Hukuk Bölümü 2007/326 E., 2008/126 K.

"İçtihat Metni"

Tarım ve Köyişleri Bakanlığı Antalya İl Müdürlüğü'nün 1.8.2005 gün ve Cilt:1, Sayfa No:1 sayılı idari para cezası kararı ile, teknik mevzuata aykırı ve güvenli olmayan ürün satmaktan dolayı 4703 sayılı Ürünlere İlişkin Teknik Mevzuatın Hazırlanması ve Uygulanmasına Dair Kanun'un 12. maddesinin (b) bendine göre davacı adına 22.720 YTL para cezası verilmiştir.
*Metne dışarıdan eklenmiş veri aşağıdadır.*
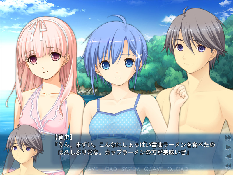 Kazuya’s parents passed away due to illness when he was small and he and his imouto Minatsu were taken in by his father’s acquaintance and they now live in the rural town of Sadogashima. His heart aches when he is lonely and he often goes to a pond in the forest to cry, while clutching a momento fro...
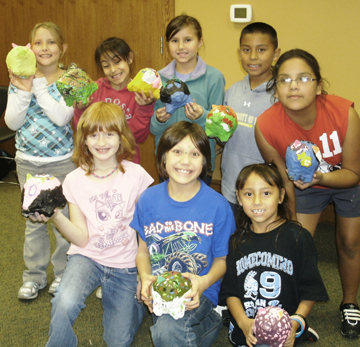 Shown with the paper mache piggy banks they made were: Ryley, Javin, Lily, Aubrey, Monserrat, Abby, Tavian and Celia. Participants not pictured are Jazmin and Elania.
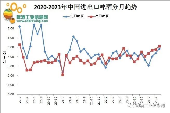 2023年5月,中国进口啤酒4.831万千升,同比增长5.0%;2023年1-5月,中国累计进口啤酒19.981万千升,同比增长6.4%。
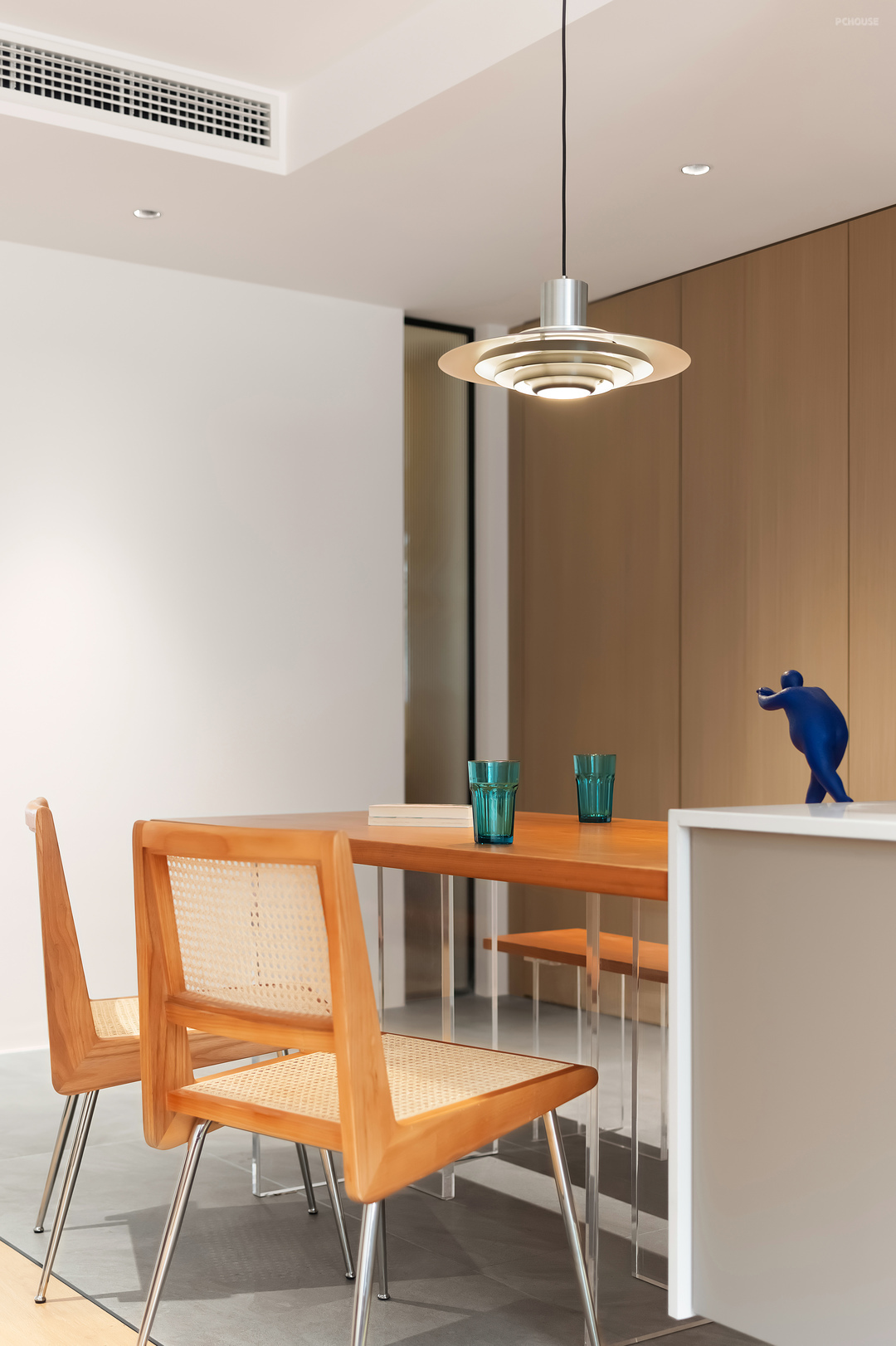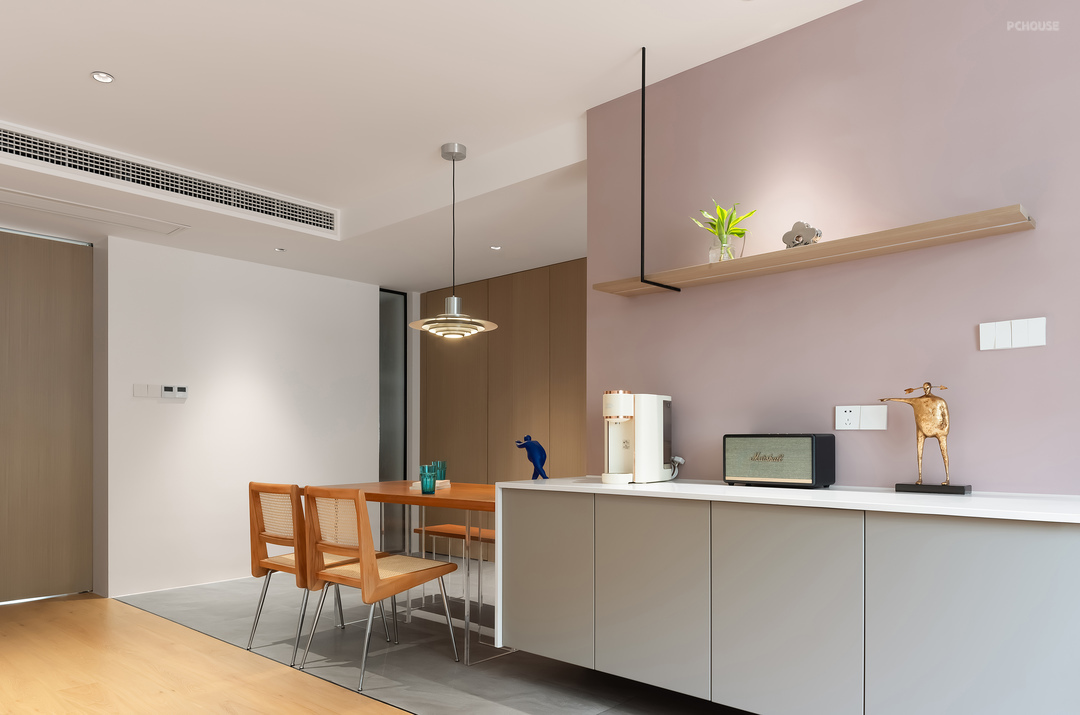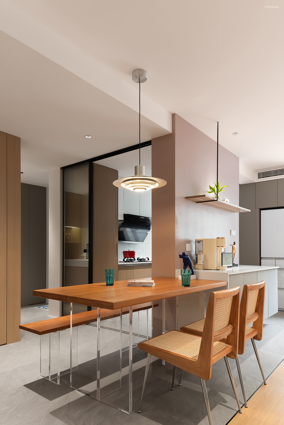 我们在厨房与客厅的隔墙外侧设计了一组餐边柜,餐边柜的一侧又连接着餐桌,让整个餐厅的洄游动线更加流畅。

Davacı vekili, bu kararın, Antalya Valiliği Tarım İl Müdürlüğü'nün 3.8.2005 gün ve 8317 sayılı işlemi ile tebliği üzerine para cezasının kaldırılması istemiyle idari yargı yerinde dava açmıştır.

ANTALYA 2. İDARE MAHKEMESİ; 22.9.2005 gün ve E:2005/1164, K:2005/1466 sayı ile, davanın, davacı şirketin 4703 sayılı Ürünlere İlişkin Teknik Mevzuatın Hazırlanması ve Uygulanmasına Dair Kanun'un 12. maddesinin (b) fıkrası uyarınca 22.720 YTL para cezası ile cezalandırılmasına ilişkin davalı idarenin 1.8.2005 günlü işleminin iptali istemiyle açıldığı, 5326 sayılı Kabahatler Kanunu'nun muhtelif hükümlerinden söz ederek, Kabahatler Kanunu'nun başvuru yolunu düzenleyen 27. maddesinin birinci fıkrasında, idari para cezasına ve mülkiyetin kamuya geçirilmesine ilişkin idari yaptırım kararlarına karşı, kararın tebliği veya tefhimi tarihinden itibaren en geç onbeş gün içinde sulh ceza mahkemesine başvurulabileceğinin bir duraksamaya yer vermeyecek açıklıkta kurala bağlandığına göre, artık idari para cezalarına karşı açılacak davalarda görevli yargı yerinin idari değil adli yargı yeri olduğu, öte yandan, Kanunun geçici 2. maddesinde, bu Kanun hükümlerinin, yürürlüğe girdiği tarih itibariyle idare mahkemelerinde dava açılarak iptali istenen idari yaptırım kararları hakkında uygulanamayacağı; geçici 3. maddesinde, daha önce verilmiş idari para cezalarına ilişkin kararlara karşı henüz iptal davası açılmamış olmakla birlikte dava açma süresinin geçmemiş olması halinde bu Kanunun yürürlüğe girdiği tarihten itibaren onbeş gün içinde 27. madde hükümlerine göre sulh ceza mahkemesine başvuruda bulunulabileceği yolunda yer alan kuralların, yukarıda getirilen yorumu doğrular yönde olduğu, bu durumda, Kabahatler Kanunu'nun yürürlüğe girdiği 1.6.2005 tarihinden itibaren idari para cezalarına karşı açılan davaların, Kabahatler Kanunu kapsamında olduğu ve idari yaptırım olarak para cezası öngören kanunlarda itiraz yeri olarak idare mahkemeleri gösterilmiş olsa dahi görüm ve çözümünün adli yargı yerlerinin görev alanına girdiği sonucuna ulaşıldığından, dava konusu para cezasına karşı açılan davada görevli yargı yerinin adli yargı olduğu gerekçesiyle görevsizlik kararı vermiş; bu karar kesinleşmiştir.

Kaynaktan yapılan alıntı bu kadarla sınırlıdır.